Under Turkish law, only entities registered in Türkiye are eligible to obtain a marketing authorization (“MA”) for medicinal products for human use. This requirement compels global pharmaceutical companies intending to engage in business in Türkiye to establish local presence either through forming a subsidiary or teaming up with a local partner such as a distributor. In case of a partnership (e.g., established through a distributorship relationship), transfer of MA will be one of the main topics to be discussed if and when such partnership comes to an end. This article provides an overview of the regulatory framework governing the transfer of MAs in Türkiye, with a particular focus on transfers where there may potentially be a disagreement between the transferor and the transferee.
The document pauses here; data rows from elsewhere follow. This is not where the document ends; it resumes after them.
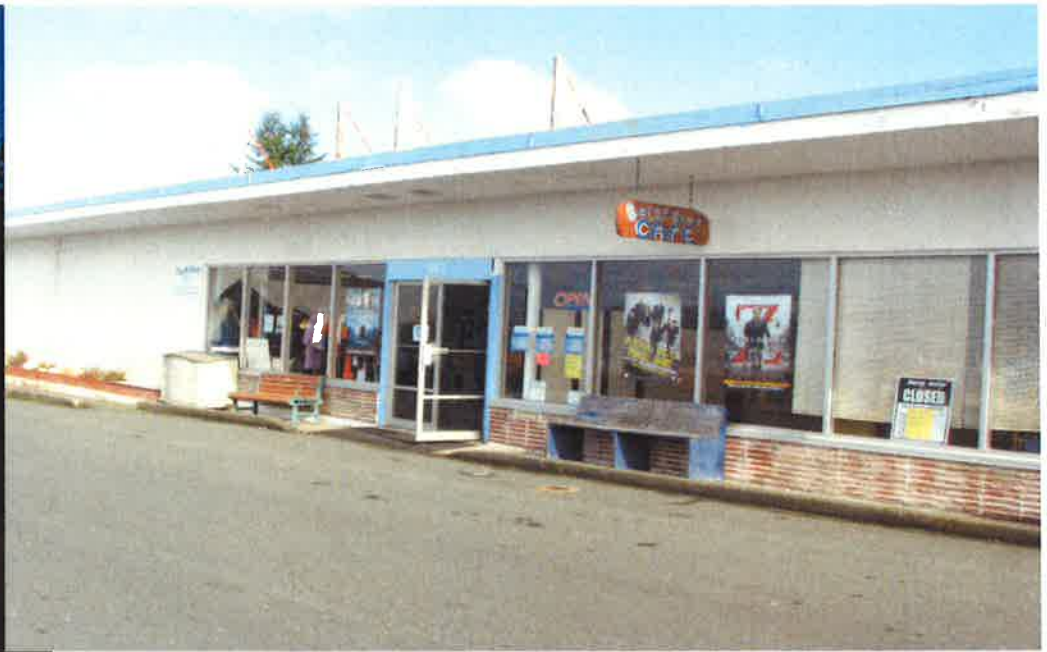
This is the BlueLine Super Market. This was one of the grocery stores we had on our Island. Now Cormorant Community Health Centre Thrift Store, The Showroom Project-Movies, Art & More....
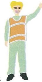
Acknowledgement - I see you and it's all clear to pass
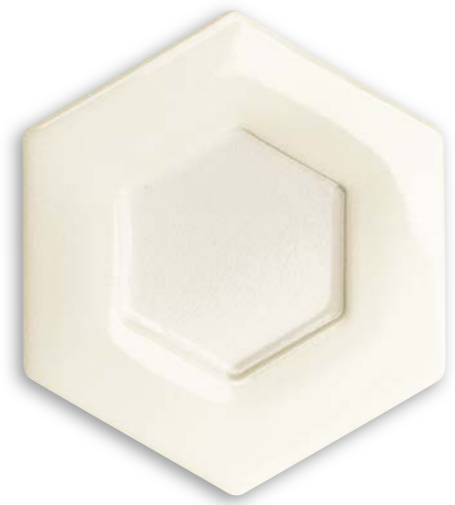
DUAL COTTON HEX. DUAL 11,7 x 13,5 - 4,6" x 5,3"
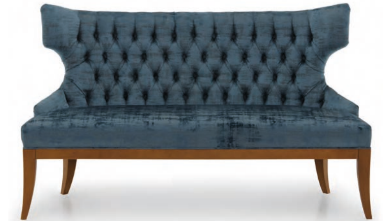
IRENE 2 SEATER SOFA

Finish: MC - Modern cherry - Cat. ZE Upholstery: Fabric LFS - Cat. B Trimmings: Self piping Standard: Tufted back included W. 77 D. 72 H. 86
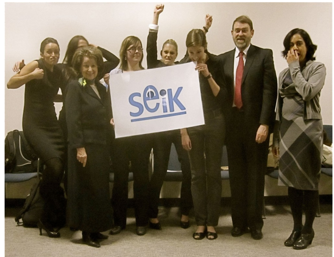
SURP-823 Housing and Human Services Project Course Team Fall 2011
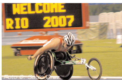
2007 Rio Parapan American Games p.8
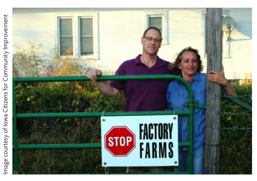
According to Iowa Citizens for Community Improvement, 8,000 factory farms dominate the Iowa landscape, packing thousands of hogs, chickens, and their billions of gallons of manure into one small space in order to maximize profit.

The First Amendment requires that prohibitions on speech be content and viewpoint neutral. Laws that target speech based on content or viewpoint are presumptively unconstitutional and may be justified only if they pass strict scrutiny , a legal test that requires the government to prove that the law in question is narrowly tailored to serve compelling state interests.
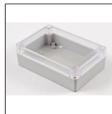
Clear Lid (polycarbonate version shown)
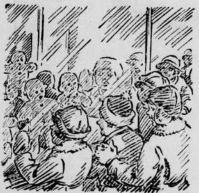
"That's What Attracted Attention," the Customer Said.

which went into the making that was the cause, she told herself. Her children had loved the sweet bits she had made for them at Christmas. Her children and grandchildren had outgrown such pleasures, but weren't there others who would enjoy those things? There proved to be many. And what joy it had brought her. No profit in money, but large dividends in joy—real Christmas joy—that of serving and giving happiness.
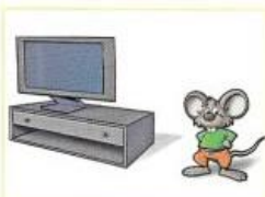
ON THE RIGHT OF – DESNO OD
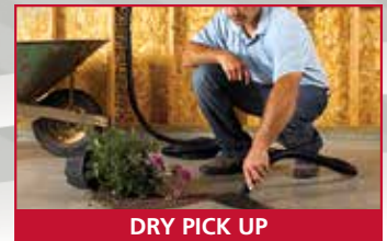
DRY PICK UP
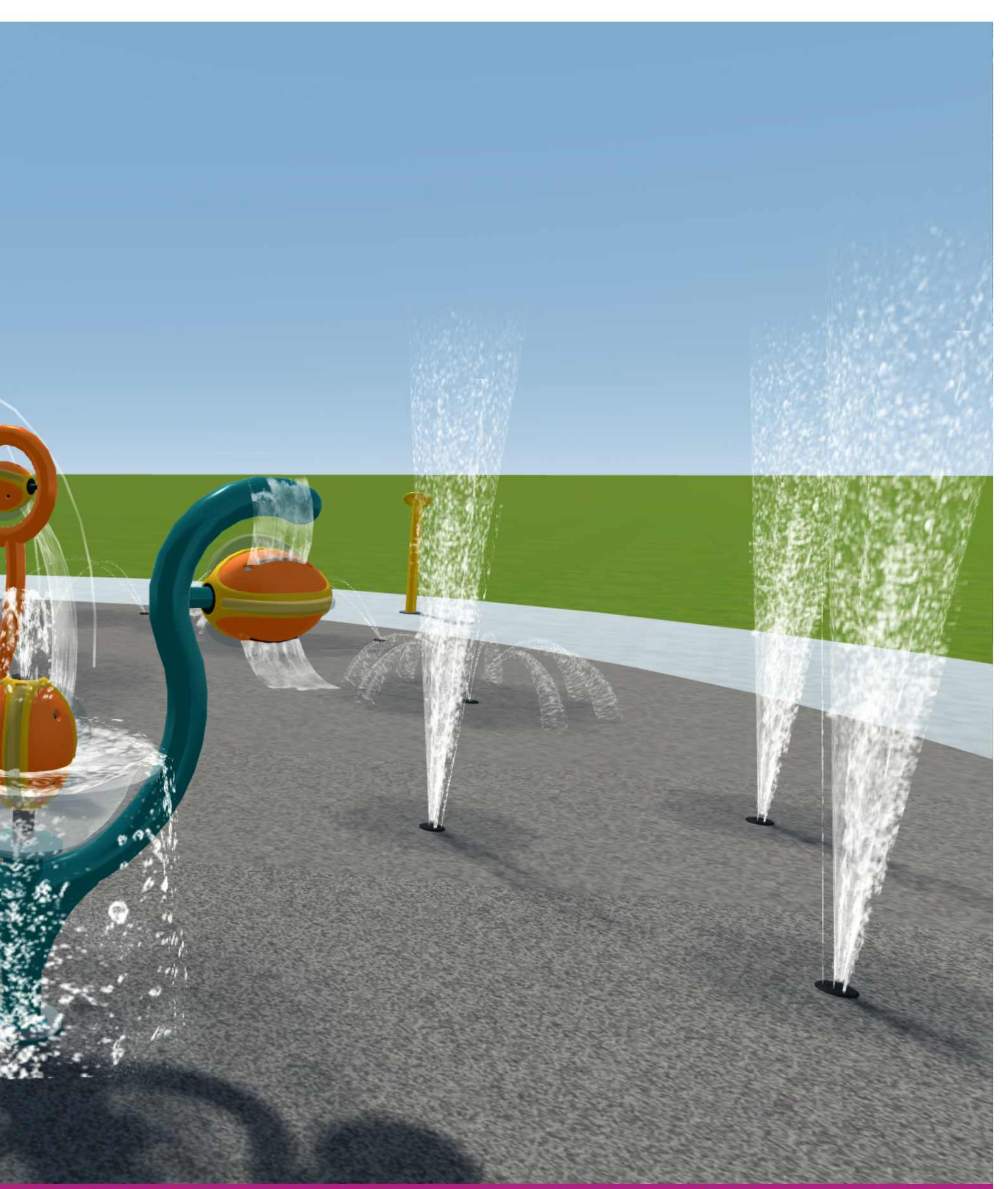
Copyright 2022 Waterplay Solutions Corp. Artist's visual interpertation of the project. Cannot be considered factual representation of the final product.

According to the Regulation on the Licensing of Medicinal Products for Human Use (“Regulation”) and the Guidelines on Conditions Requiring Re-authorisation for Licensed Medicinal Products for Human Use, in order to transfer an MA, certain documents must be submitted to the Turkish Medicine and Medical Device Agency (“TMMDA”), and the relevant procedures must be completed. Transfer process has two main aspects: (i) submission of the transfer application to the TMMDA and (ii) cooperation of the transferor.

In the application for the transfer, the transferee must submit to the TMMDA: (i) a court decision stating that the transfer of MA has been fulfilled, (ii) an execution office decision stating that the license has been sold through forced execution proceedings, or (iii) a transfer agreement executed between the transferee and the transferor before a notary public.

Upon submission of the required documentation and payment of the application fees, the review process will commence where the TMMDA shall look into the application to confirm that all regulatory requirements are met, with a particular focus on whether the transferee is well equipped to manage the respective medicinal product in a responsible manner. The TMMDA shall make an assessment on the application within thirty days of the application date, and can request further information or documents, which would re-start the review period. Once the review process is completed, approval will be granted and the MA registry will be updated to reflect the change in the ownership, and the new holder will assume all rights and responsibilities associated with the authorisation.